In their sympathy for their subject, Culver and Hyde do not do justice to the principled objections American liberals had to Wallace's alliance with the Communists. Eleanor Roosevelt herself led the repudiation of Wallace in column after column. "The American Communists," she wrote, "will be the nucleus of Mr. Wallace's third party. . . . Any use of my husband's name in connection with that party is from my point of view entirely dishonest." Only one prominent New Dealer, Rexford G. Tugwell, supported Wallace, and the Communist presence led him to drop out of the Wallace campaign before its end.

"American Dreamer" does not make much of Mrs. Roosevelt's opposition nor mention Tugwell's withdrawal nor mention the statement signed by leading New Dealers--Ickes, Francis Biddle, Thurman Arnold, Archibald MacLeish, Aubrey Williams, Herbert Lehman, Elmer Davis and many others--rejecting Wallace and calling on liberals to vote for Truman because "the Progressive Party has lined up unashamedly with the forces of Soviet totalitarianism." Culver and Hyde do not quite defend the Wallace of 1948, but they let him down more easily than he deserves. In the end, he came in fourth, behind even the Dixiecrat candidate, Gov. Strom Thurmond of South Carolina.

When North Korea invaded South Korea in 1950, Wallace broke with the Progressives and backed the United Nations and the United States. He had meanwhile retired to his experimental farm in upstate New York. Working with plants and chickens, he was a serene and happy man. Thinking about politics, he was bitter and defensive, firing off letters to people who he thought had traduced him. He voted for Eisenhower in 1956 and gave Nixon some support in 1960.

In 1961 Kennedy invited him to his inauguration ceremony and luncheon. Wallace was much touched. "At no time in our history," he wrote Kennedy, "have so many tens of millions of people been so completely enthusiastic about an Inaugural Address as about yours." Wallace died in 1965 of Lou Gehrig's disease, a nearly forgotten man.

Culver and Hyde have done a sound job of restoring him to history.
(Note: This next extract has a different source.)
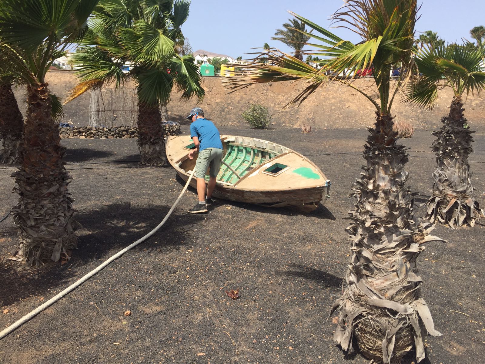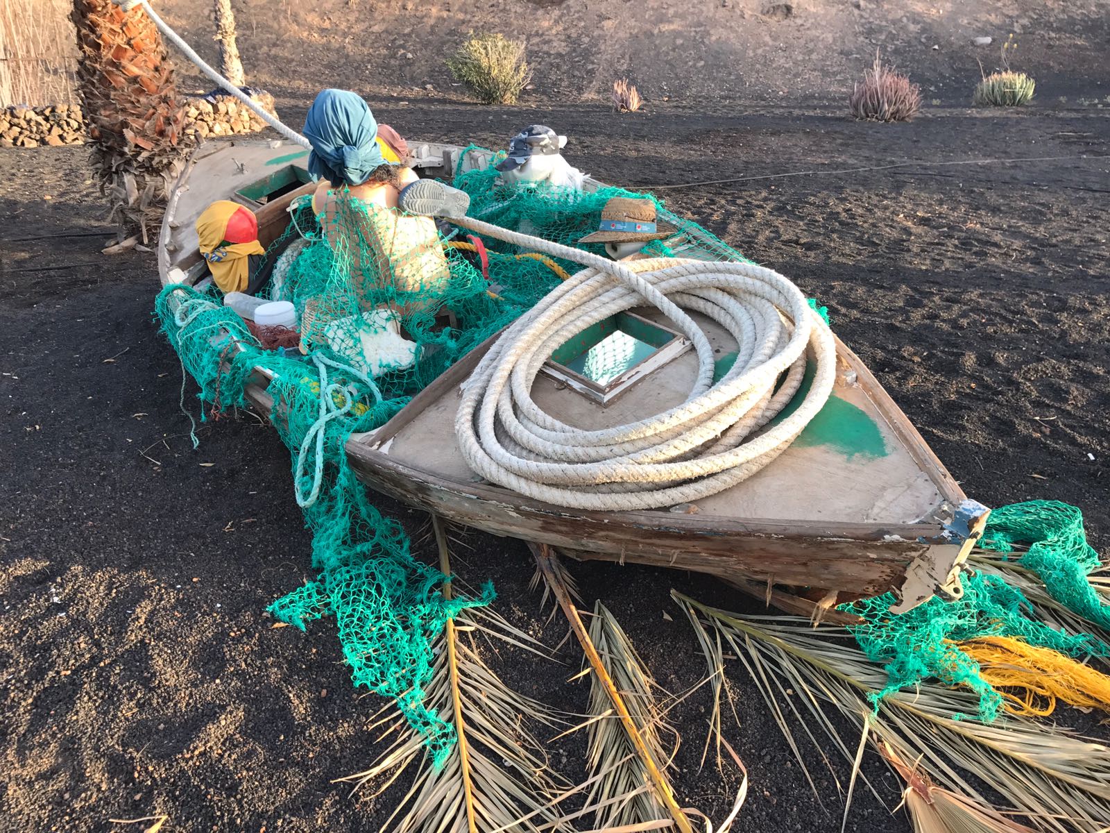We don’t even know how many times Ethan has been here. We only know that he is a person committed with the environment and a man of the world who one day is in Japan, another one in Hawaii, another one in Lanzarote… and another one in the middle of the ocean doing research on tuna fish, his specialty. And on top of that, he is a good friend of us. Here you have «Los naurfagos/The castaways», made from waste found in different places in the island.

There are a few minor errors: It was the newspaperman Gardner Jackson, not the economist Gardiner Means, who had been involved in the Sacco-Vanzetti defense and was purged from the Department of Agriculture in 1935; it was Harry Dexter White, not Lauchlin Currie, who helped invent the World Bank and the International Monetary Fund; neither F.O. Matthiessen nor William Henry Chamberlin was a Harvard historian (one was a Harvard professor of literature; the other had no Harvard connection), and both their names are misspelled. But in the main "American Dreamer" is a substantial and workmanlike biography of a valuable, perplexing and indomitably naive public official.